A newly published study in the journal Matter describes the RNA pill.
A research team from MIT has developed a capsule containing RNA to administer vaccines, hoping to bypass the need for injections such vaccines usually require. They were able to deliver up to 150 micrograms of RNA into the stomach of pigs, an amount greater than the 30 to 100 micrograms of mRNA found in COVID-19 vaccines.
"Nucleic acids, in particular RNA, can be extremely sensitive to degradation particularly in the digestive tract. Overcoming this challenge opens up multiple approaches to therapy, including potential vaccination through the oral route," says Giovanni Traverso, the Karl van Tassel Career Development Assistant Professor of Mechanical Engineering at MIT and a gastroenterologist at Brigham and Women's Hospital.
The capsule has been used previously to deliver solid drugs like insulin and liquid monoclonal antibodies into the stomach lining.
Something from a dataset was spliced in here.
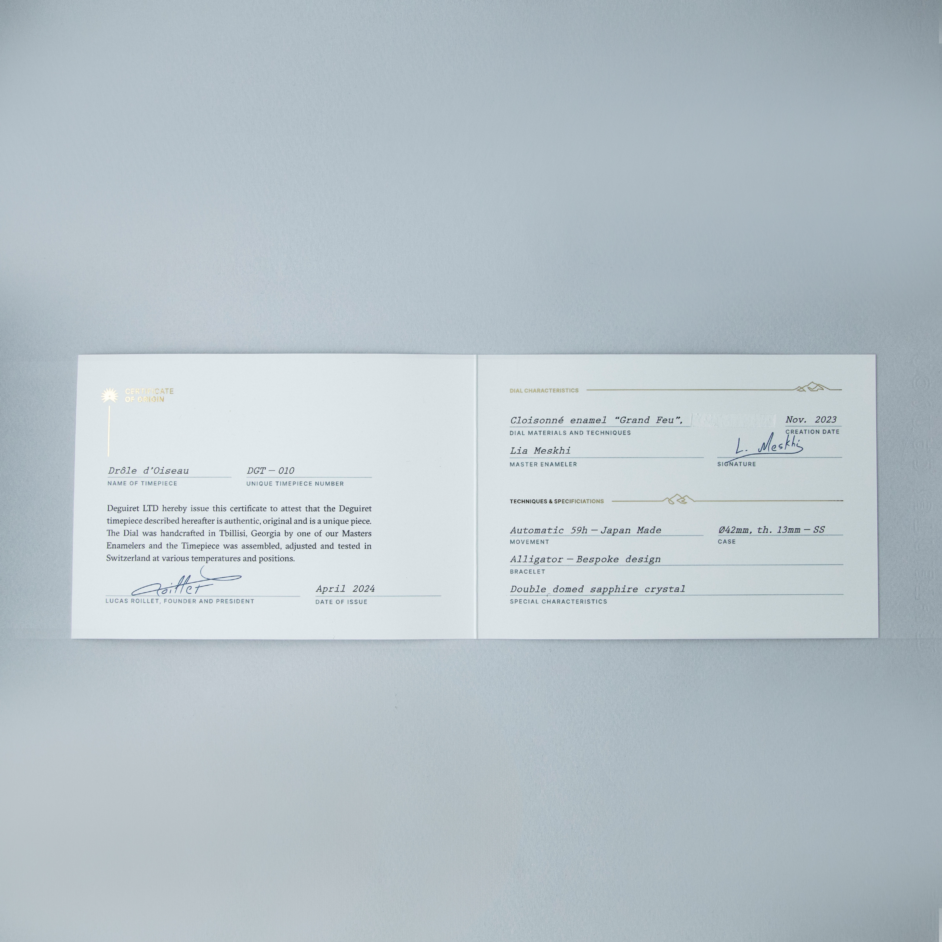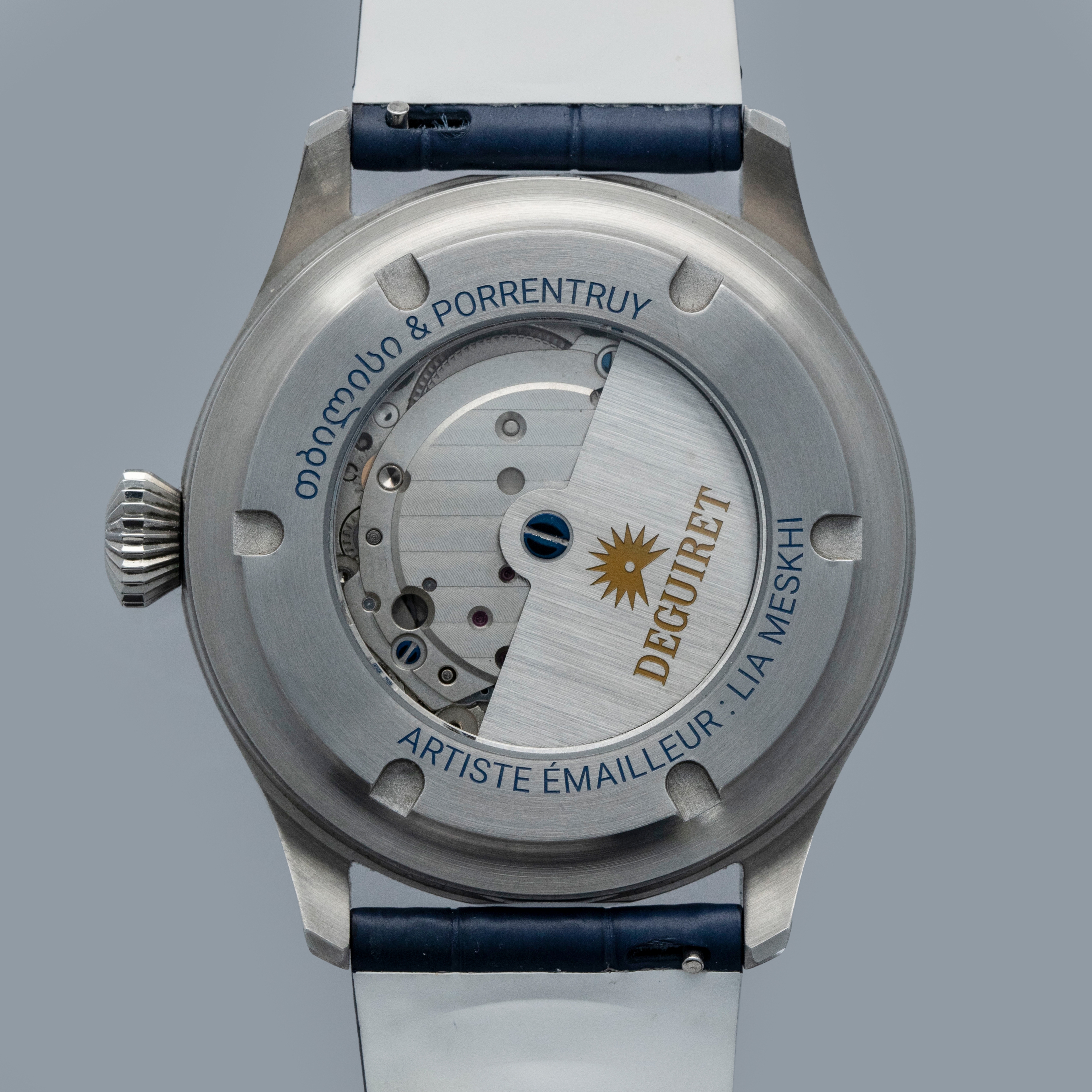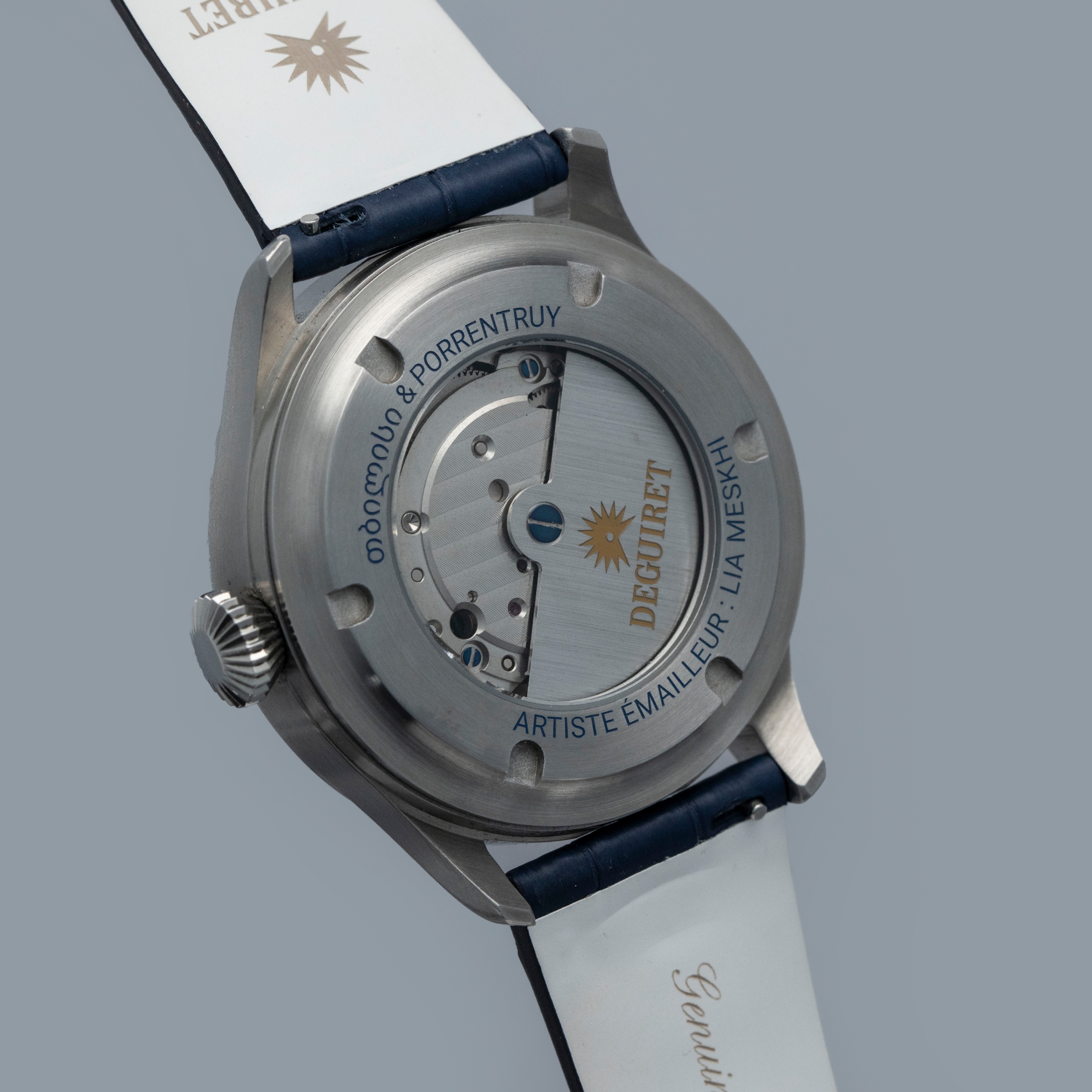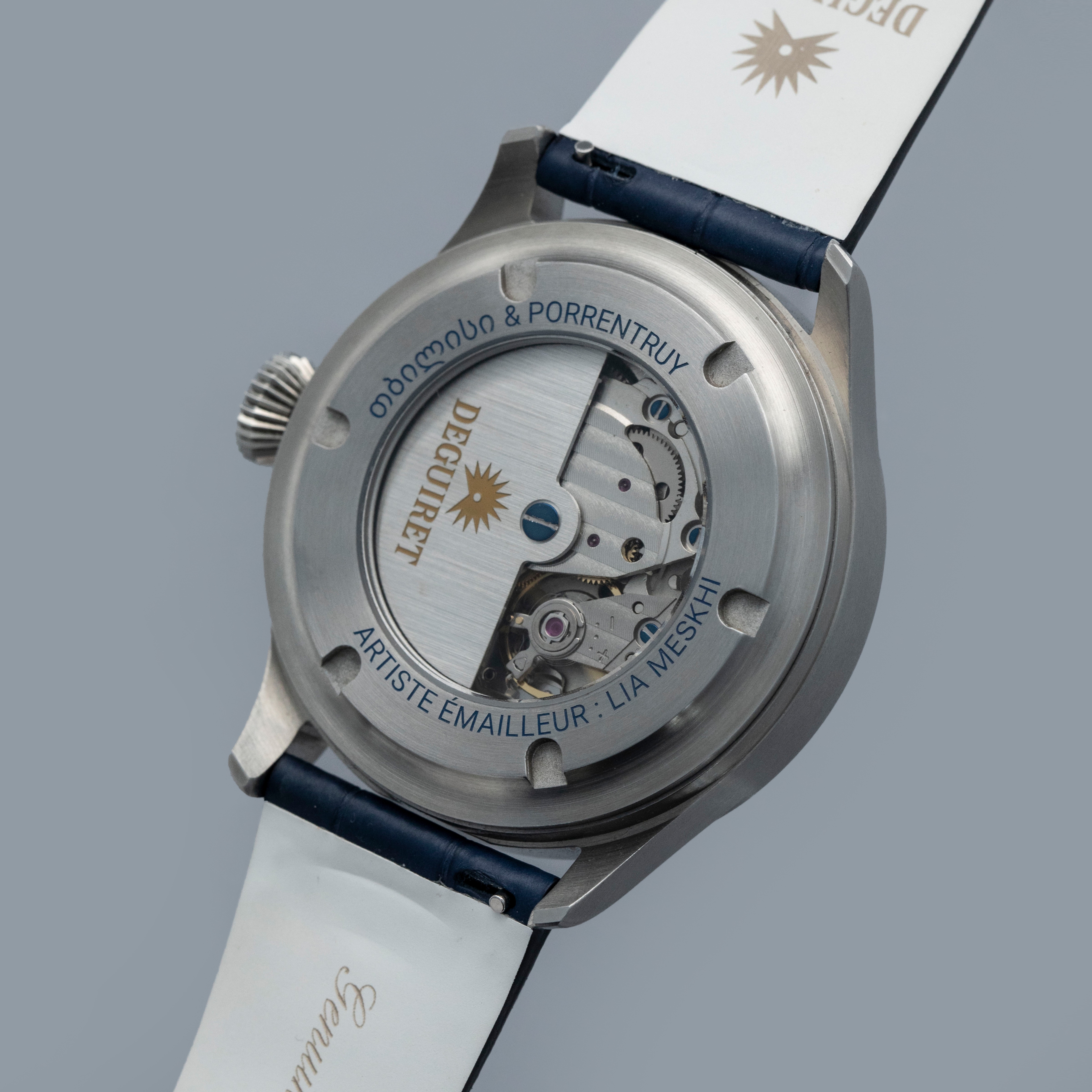 Founded in 2021 by Frenchman Lucas Roillet after he met Lia Meskhi and Nikoloz Panchulidze in Tbilisi, Georgia after he was instantly drawn to the skills of these two enamelers who mastered the art of cloisonné enamel, also known as minankari, which originated in Georgia in the 7th century, Deguiret is a new independent watchmaker that gives enamellers the space to create pieces of genuine artistry that is seldom seen in watches anywhere close to Deguiret’s retail price. Offered here we have the Drole d’Oiseau ref. DGT-010, made by Lia Meskhi, which is an incredibly bright and vivid tapestry of colors and art inspired by the film "The Eccentrics (Sherekilebi)" by Eldar Shengelaia. With a flying contraption set amongst a spectacularly colorful backdrop, this 42mm stainless stel timepiece’s display is wearable art. Made by firing glass enamel powder placed within metal wire borders across dozens of steps, making cloisonne enamel dials is exceptionally difficult at the best of times, let alone to depict an image as complex as this, and therein lies the appeal of Deguiret’s watches. Not only are they democratizing cloisonne enamel dials in watchmaking, but they are doing it with a level of detail, complexity, and artistry that is unparalleled.

To administer the nucleic acids found in RNA and DNA, the researchers paired them with protective nanoparticles and detected successful uptake of the RNA into the stomach cells.
"When you have systemic delivery through intravenous injection or subcutaneous injection, it's not very easy to target the stomach. We see this as a potential way to treat different diseases that are present in the gastrointestinal tract," said Alex Abramson Ph.D.